Sunday, September 25, 2016

“Wild Goose Chase: Old-Fashioned Guts” Rev. 3: 7-8 1 Sam 14: 1-10

While sharing part of my testimony at camp I noticed that some of the campers were starring at something in the sky. After I finished, but while were still gathered together for worship, some of the counselors said they thought it was a beautiful crane. I immediately got back up in the circle and started talking about the Wild Goose. All week we had been talking about the Holy Spirit, and I felt led to get up and share with the campers exactly what we have been talking about the last four weeks together, that the Holy Spirit is like a wild bird, untamable and free to lead us. 
We are now in the final week of our sermon series focusing on the Holy Spirit. We have seen how the Holy Spirit leads us, redeems us, and frees us from past bondage. This week we be discussing how the Holy Spirit empowers us to do seemingly-impossible things.
Have you ever had one of those moments where you find yourself in a conversation that you never expected to be in? Or where you find yourself miles from where you expected to be? I’m a big believer in God-Ordained moments - those moments that are much more than coincidence. I shared recently with one of our Bible study groups that I have been walking in 5ks in the area - walking, not running. This is something I would never have done in the past, but a great way to be involved in the community. At the Healthy Heroes 5k during Heritage Days, I started out walking by myself, until cresting the top of one of the hills in the Chester Hill area. On the decline, I found myself talking to a woman who was near me. We did the thing you normally do when you are meeting someone new and she asked what I did. As soon as I shared that I was a pastor we started to have an amazing conversation - about some of the struggles in her life, the struggles in the world, and what it means to be the Church. Friends, that was a God ordained moment and conversation.
John writes the church of Philadelphia in the book of Revelation that doors have been open to the church that cannot be shut. But the truth is friends, sometimes we don’t follow the Holy Spirit through the doors being opened. We get so caught up in our own baggage and schedules and heads that we sometimes don’t even recognize that a door is present, let alone that Jesus opened it! As I was walking back home after that 5k and in the days to follow, I kept thinking about how the hand of God was present that day - what would have happened if I hadn’t signed up to walk? What if I would have ran instead of walked? What if, what if, what if. But God took all of the what ifs and arranged them so that God could be glorified! But I had to be the one to follow the Holy Spirit’s prompting and go through that door to that divine appointment. 
When we take time to stop and listen to the leading of the Holy Spirit we can find that there are absolute spirit-filled moments in our lives that we have the opportunity to respond to. Some are little and some are big, but all have the opportunity to lift up God’s name.
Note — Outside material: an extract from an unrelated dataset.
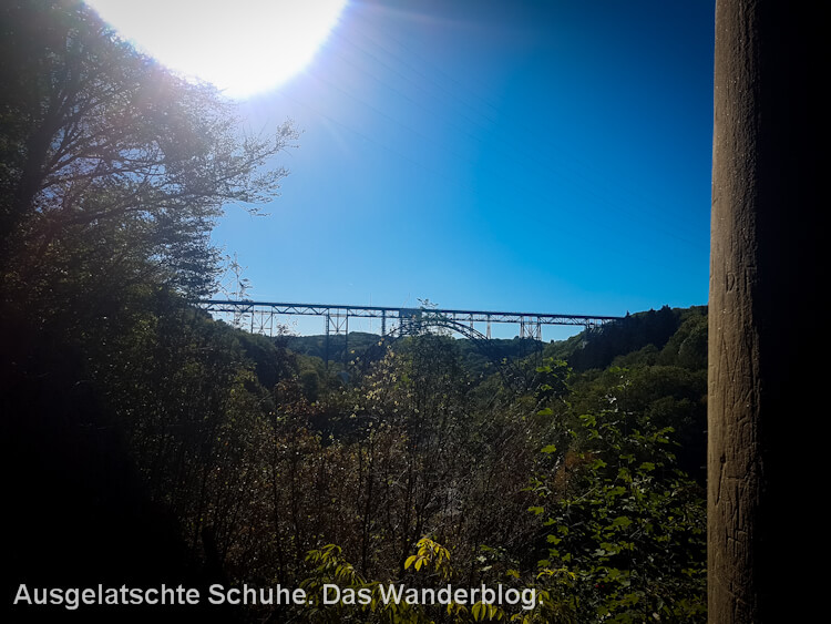 Der Route führt uns auf Waldwegen in Richtung Schloss. Die Wupper schlängelt sich durchs Tal und ist unser ständiger Begleiter. Schließlich stehen wir direkt unter der höchsten Eisenbahnbrücke Deutschlands. Die Müngstener Brücke ist 465 m lang und ca. 205 m ü. NN hoch. Einerseits wirkt es imposant, andererseits jedoch wenig spannend. Warum? An der Überführung wird gebaut! Um uns herum ist alles sorgfältig verkleidet und es gibt – außer Bauplanen – rein gar nichts zu sehen …

In the words of Pastor Mark Batterson, “Chasing the Wild Goose is recognizing which way the wind of the Spirit is blowing and responding to it. It requires a moment-by-moment sensitive to the Wild Goose.” 
Jonathan, friend of David and son of Saul, understood about following the Spirit’s prompting through open doors. Jonathan found a stirring in his heart to go into battle, even though his father and commander of the army, King Saul, had left him at home. So he turned to the man carrying his armor and prompted him to go to battle with him over the Philistine garrison. However, there was a catch, in order to get there they had to climb over rocky crag.
I have never had a desire in my life to go rock climbing, but that is exactly what Jonathan did. Even though mountains that seemed impassable stood before him, on either side, he was so sure that he was to be in battle, that he started climbing them. 
Sometimes our lives feel like we are caught in between rock walls, and we have to decide what we are going to do. Are we going to stay, trapped, or are we going to start climbing? What if the thing that the Spirit is prompting you to do is to go up and over those mountains? 
Sometimes we buy into the false belief that once we accept Christ, once we become Christian, that our lives get easier. That we will never be caught between rocks and hard places again. That mountains that need to be climbed won’t be in front of us. That it will be easy to follow wherever God leads us. But the longer that we walk with Christ, I think the more we realize that this is not the case. The truth is spiritual growth doesn’t make things easier, it simply prepares us to take even more daring and risky steps for the Kingdom of God! 
In contrast to Jonathan, taking a risk and climbing that mountain to follow where the Spirit was leading him, we find his father, Saul. Saul was commanding over 600 soldiers we are told, yet where do we find him? Not on the battle field with them. But instead sitting under a pomegranate tree. Saul seemed to think that he didn’t have to do anything and that God would simply show up and lead them to victory.
Friends, the Kingdom of God is not passive. Just as much as we need to not get in God’s way by insisting on our plans and our timing, we also need to be active participants in God’s Kingdom. We can’t just sit around waiting for God to act, especially when the Holy Spirit is prompting us to join God in doing amazing things! Pastor Mark Batterson states, “The will of God is not an insurance plan. The will of God is a daring plan!” It disheartens me when I hear Christians talking about just sitting back and waiting to get to Heaven. That’s not what our faith is about, brother and sisters. It’s about running hard after wherever the Spirit may lead. 
But what I love about this scripture in particular is the reminder that we often do not need to run after the leading of God’s Spirit alone. Jonathan had his armor bearer with him. As they were facing that rocky crag, that armor bearer declares that wherever Jonathan goes he is going with him. We all need people like this in our lives - people who stare at that rock wall and then climb it with you - encouraging you to follow the Spirit’s leading in your life. 
While at camp the dean and I planned a lot of the worship services together. We have been working together so many years now that we have a rhythm down. But we also trust each other when the Spirit starts speaking and encourage each other to follow that prompting. We were at the closing communion service, and I went over to him and said that something was pulling on my heart to scrap it all and then have communion and pray for our graduating seniors. That wasn’t the plan. At all. It wasn’t what was written down on the worship sheet or what we had discussed. But the dean looked at me and said go for it, follow the Spirit. And as we prayed over the four girls graduating from high school, for whom it was the last year of camp, we started to weep. It was a holy moment with words of life and encouragement being spoken over young women who so desperately needed to hear them. The camp dean, Dave, is just one of the folks in my life who will encourage me to follow the Spirit, wherever it may lead. 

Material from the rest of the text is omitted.